………【即苛不喜】………
“啊?不会吧。”陈皓眉头紧蹙,显然被这个情况弄得有点紧张。他对自己的东西最是挑剔,也讨厌使用任何有残缺的物品。话说上回和王成平爬山,他的宝马被刮伤,陈皓是送到总厂等候两月,全车喷漆才重新开过。可这次的车子是向李梓相借,万一有个损失李梓倒不在乎,但陈皓却总觉得麻烦。
王成平早发现陈皓看上去精明面孔,实际上却是满肚笨心肠。面对自己的胡说八道,陈皓显然全无抵抗力的深信不疑。且每次看到陈皓因为自己的话紧绷面皮,王成平内心实在都涌上邪恶快感,于是更加忽悠:“刚刚那些人没盯着你的车看吧?”
陈皓心有余悸,握着方向盘的手都有些微汗:“啊……是有几个人,我说他们怎么老看我的车……”陈皓虽然表面上严密戒备王成平,实际上肚子里装的坏水真没王成平多,他从大体上说还是个老实孩子。先不提严肃的工作场合,即便在日常生活里,除了他几个发小还真没人敢在显赫的冷面陈公子之前耍任何花枪。因此陈皓不是傻,他是压根料不到长相如此老实忠厚的王成平,居然还敢胆大包天戏弄自己。
王成平见陈皓已然微微色变,拼命憋住笑,唏嘘道:“啧啧,还好我及时赶来,要不然真有什么你可怎么办。”
陈皓这才想起来王成平方才很无耻的迟到行为,但此时他的抱怨已经很虚弱了:“你来的这么晚,还好意思说。”顿了顿,他又怀疑道,“欸你这里还那么多银行呢,怎么环境就这么乱啊,那你平时上下班可怎么办啊……”
王成平倒没料到陈皓会转而关心自己,她一般上班开父母家的本田,自己偶尔也打车。但此时她乐的装可怜:“还行吧,我有时候打车,有时候地铁公交。”
陈皓喃喃道:“这怎么行,太不安全了。”一回想到自己车前乌泱泱围着的那群人,他此刻头皮还有些发麻和后怕:他提醒自己待会下车得一定记着把全车检查一遍,看看别让哪个手贱的刮了车子,否则真是得不偿失。也幸好刚刚王成平及时来了,要不然这一窝蜂人涌上来,闹起来万一把自己车翻了,这还找不着报仇的主。且陈皓一个男人还好说点,若王成平单独再遇上什么人,可真是太危险了。
这边的王成平显然对话题突然转到自己身上,感到兴致阑珊,于是打哈哈:“还行吧,我觉得就那么回事。”

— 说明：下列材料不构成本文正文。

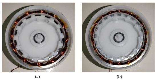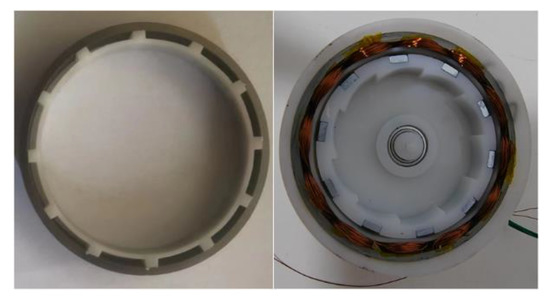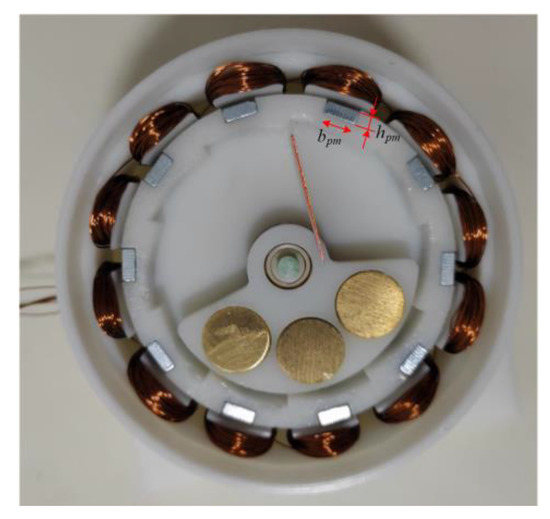 In general, the 12C-10P and 18C-16P configurations exhibit a high voltage hamonic component. By contrast, the harmonic THD of 12C-14P and 18C-20P are sufficiently low, all less than 1%. With the increase of bpm, the voltage amplitude values of every configuration would increase uniformly, but the magnetic efficiency of every configuration would decrease. This is because although the 12C-14P and 18C-20P configurations exhibit a larger value (over 1.0 V), 18C-20P has a low ratio of voltage amplitude to PM mass, while the ratio of 12C-14P is the highest. This is due to the magnetic resistance of the non-magnetizing resin material being large, and the flux leakage increasing when the PM intensity increases. To reduce the cost and weight, 12C-14P with bpm = 6 mm is determined as the optimal configuration, as shown in Figure 13. Meanwhile, 18C-20P with bpm = 4 mm was also manufactured to verify the effectiveness of the FEM results.
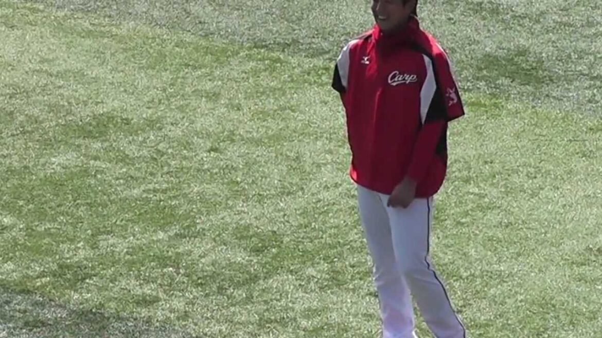 そして終わりの方でフェンス際を走っているのはこの日素晴らしい投球で初勝利のルーキー野村祐輔投手。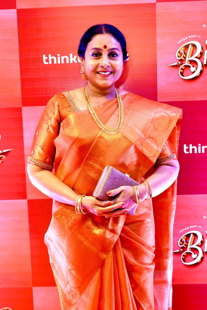 ரவி அளவிற்கு மேடையில் எனக்கு பேச தெரியாது. இந்த படத்தில் ரவியை பார்க்கும் போது சந்தோஷமாக இருக்கிறது. சம்திங் சம்திங் மற்றும் சந்தோஷ் சுப்பிரமணியம் படத்தில் பார்த்தது போல இளமையான ரவியை பார்க்க முடிந்தது. சந்தோஷமாக ஆடிபாடி இது போன்ற ஒரு குடும்பப் படத்தில் நடித்திருப்பது சந்தோஷமாக இருக்கிறது. ரவி பற்றி ஸ்பெஷலா செல்வதற்கு ஒன்றுமில்லை. எப்பவுமே அவன் ஸ்பெஷல் தான். ரவிக்கு அக்கா என்று சொல்வதே பெருமையான விஷயம்தான். அவரை போல தம்பி கிடைப்பதற்கு உண்மையாக கொடுத்து வைத்திருக்க வேண்டும். எங்களுக்குள் இருக்கும் அக்கா தம்பி உறவு ஸ்பெஷல் என்றால் ஸ்பெஷல் தான்.. சாதாரணம் என்றால் சாதாரணம். அனைவருக்கும் இருப்பது போல சண்டையும் வரும் பாசமும் இருக்கும். பொதுவாக ரவி செண்டிமெண்டான மனிதன். அக்கா தங்கை இருப்பவர்களுக்கு சித்தி எவ்வளவு முக்கியம் என்பது தெரியும். எனக்கு அக்கா தங்கை கிடையாது அண்ணன் தம்பி தான். நான் ரவிக்கு அக்கா என்பதை விட தங்கை என்றுதான் சொல்ல வேண்டும். அப்படித்தான் நான் உணர்கிறேன். அதேபோல என்னுடைய குழந்தைகளுக்கு மாமா என்ற உறவை சிறப்பாக கொடுத்து வருகிறான் என்றார்.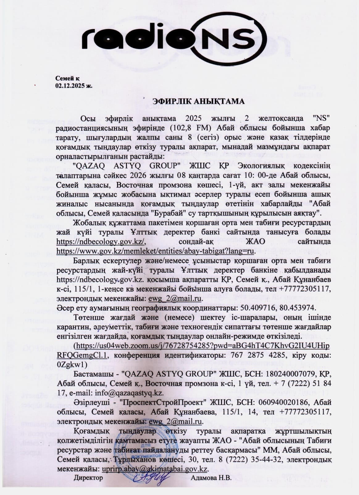 3. Общественные слушания организованны: Главный специалист УПР и ПР область Абай, prirodnyye_resursy_obl.abay@mail.ru,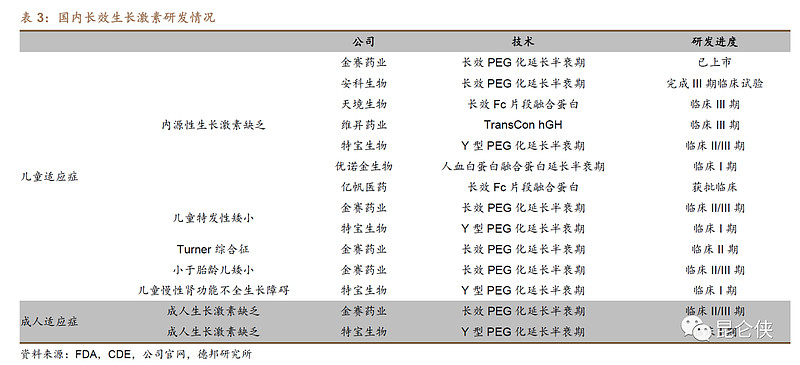 而天境生物、特宝生物等企业的生长激素,已经处于临床三期阶段。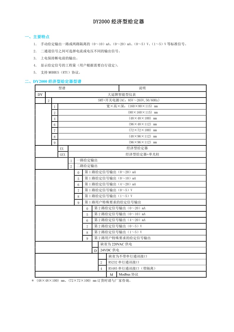 DY2000(EX)經(jīng)濟(jì)型給定器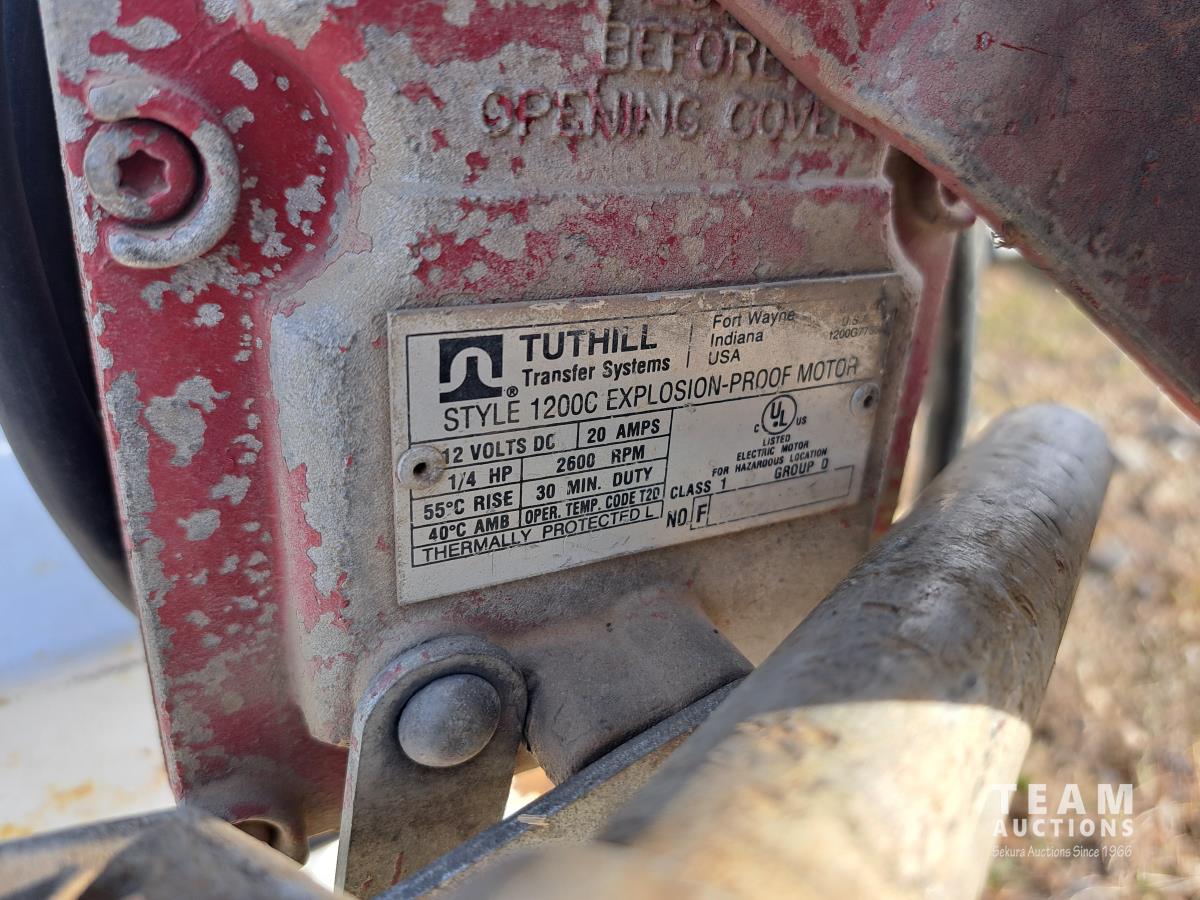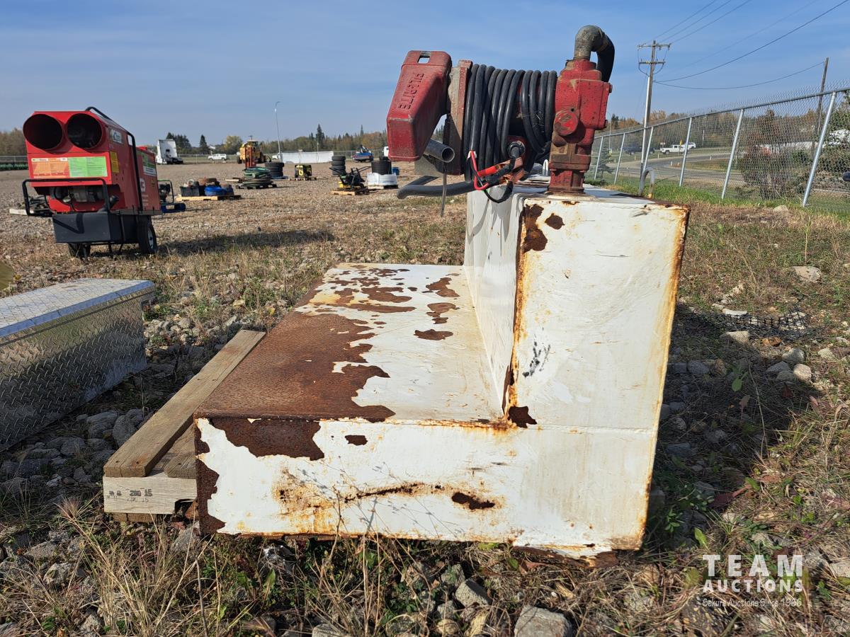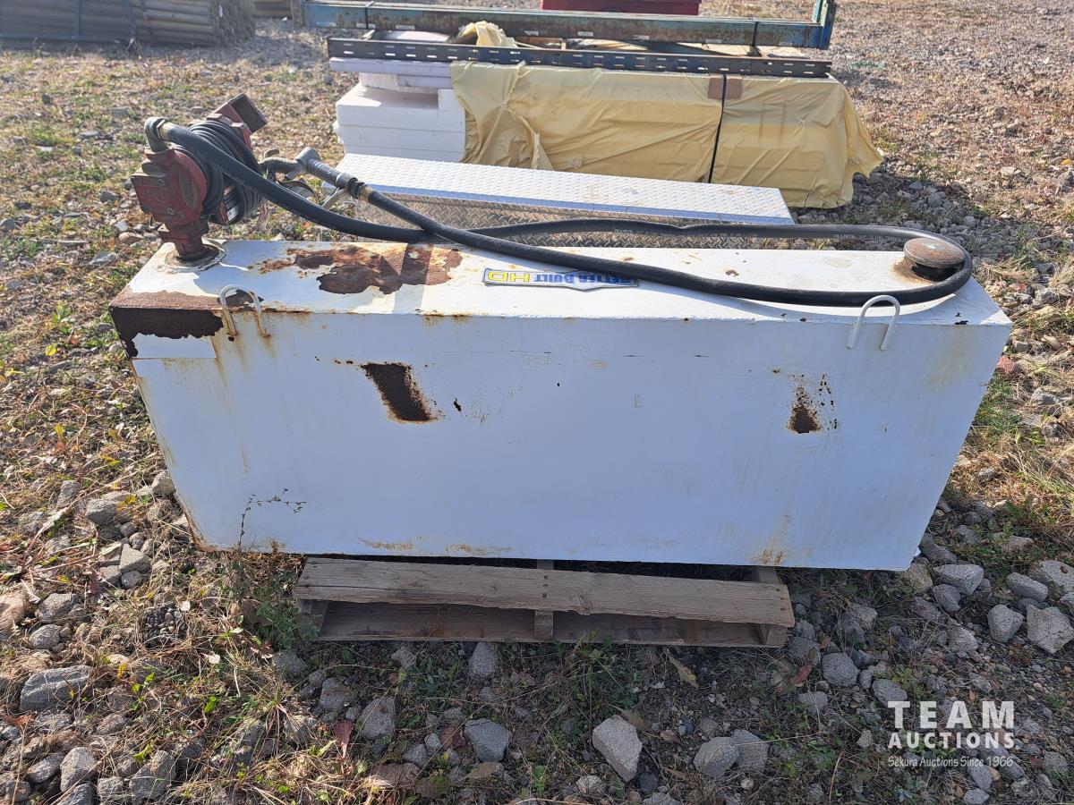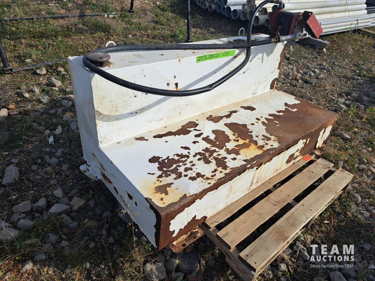 5 ft l x 31 inch deep on bottom, 24 inch tall, Fill Rite 12V 15 GPM pump, hose, nozzle, securement brackets

陈皓蹙着眉,明显不满意王成平对自己安全的满不在乎:“这哪行啊,你这儿那么乱。你一女的万一真出了什么事,叫谁都来不及。”
王成平似笑非笑:“哟,你这是关心我呢。”
陈皓面皮有点热,但他故意忽视王成平的话,佯装漫不经心的建议道:“那你以后如果下班的太晚,也别开车了,打电话就让我来接你吧。”
王成平有些反应不过来的看向陈皓,发现男人虽然面色如常,然而喉咙却紧张的吞咽一下。她一怔,先默默敛去眼里的顽皮嘲笑之色,才微笑道:“多谢你,不过现在我还能照顾好自己。”

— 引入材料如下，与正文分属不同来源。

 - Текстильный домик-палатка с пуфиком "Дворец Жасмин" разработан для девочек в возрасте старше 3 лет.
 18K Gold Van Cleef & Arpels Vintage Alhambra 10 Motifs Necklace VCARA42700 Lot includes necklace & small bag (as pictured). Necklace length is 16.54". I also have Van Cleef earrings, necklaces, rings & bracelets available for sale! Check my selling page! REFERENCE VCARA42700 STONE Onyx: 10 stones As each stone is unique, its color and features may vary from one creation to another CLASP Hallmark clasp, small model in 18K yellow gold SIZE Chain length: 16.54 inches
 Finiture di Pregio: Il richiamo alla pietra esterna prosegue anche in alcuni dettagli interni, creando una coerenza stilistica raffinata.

“只是举手之劳。”见王成平不置可否,陈皓掩住失望淡淡接道。
此刻,陈公子压根没想自己公司距离这里有两个多小时的车程,他也没功夫鄙夷自己居然甘愿沦为王成平的免费司机;他目前只能感到内心强烈恼火,只恨不得上嘴去咬王成平,丫的王小姐您怎么就能永远表现的不像个正常女人。这种情况下,就算不欢天喜地的接受,怎么也得感激男人的心意吧。古里古怪的,什么叫“现在我还能照顾自己?”

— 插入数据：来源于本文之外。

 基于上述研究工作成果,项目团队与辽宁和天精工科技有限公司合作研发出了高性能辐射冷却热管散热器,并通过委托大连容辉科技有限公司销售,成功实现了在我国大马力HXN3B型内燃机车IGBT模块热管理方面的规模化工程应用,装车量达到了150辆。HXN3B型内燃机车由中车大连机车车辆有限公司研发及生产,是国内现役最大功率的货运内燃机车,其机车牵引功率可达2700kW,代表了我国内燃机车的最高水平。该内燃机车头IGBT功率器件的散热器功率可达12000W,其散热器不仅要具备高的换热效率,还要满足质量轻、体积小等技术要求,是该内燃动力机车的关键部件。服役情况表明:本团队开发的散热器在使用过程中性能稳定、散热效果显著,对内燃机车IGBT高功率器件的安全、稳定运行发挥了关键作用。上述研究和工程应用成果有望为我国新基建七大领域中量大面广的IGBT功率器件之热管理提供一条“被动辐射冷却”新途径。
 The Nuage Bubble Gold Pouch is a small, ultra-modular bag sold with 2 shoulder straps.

此刻,陈公子压根没想自己公司距离这里有两个多小时的车程,他也没功夫鄙夷自己居然甘愿沦为王成平的免费司机;他目前只能感到内心强烈恼火,恨不得上嘴去咬王成平,丫的王小姐您怎么就能永远表现的不像个正常女人。这种情况下,就算不欢天喜地的接受,怎么也得感激男人的心意吧。古里古怪的,什么叫“现在我还能照顾自己?”
正大失所望间,陈皓突然感觉自己握着方向盘的右手被什么东西轻握一下。陈公子立刻把方才之言抛到九霄云外,他发现自己心跳居然很不争气的开始飞飙加速沸腾──只是因为王成平的这个微小动作。
然还未等他回神去反捉那只已吝啬收回的柔荑,耳边只听王成平轻声道:“谢谢你,其实只要你有心意,就已经完全足够。”
………
陈皓已经记不得这个周末夜晚他和王成平如何渡过,时光太飞逝以致记忆模糊:好像是他面不改色的吃下自己最讨厌但是被王成平笑吟吟夹来的番茄;好像是他在送王成平回家的路上特意绕了很远的路;好像是他赶去归还李梓汽车,途中超速闯红灯还貌似压了几条线;好像,他甚至好像忘记去检查那辆白痴的迈巴赫有何伤痕……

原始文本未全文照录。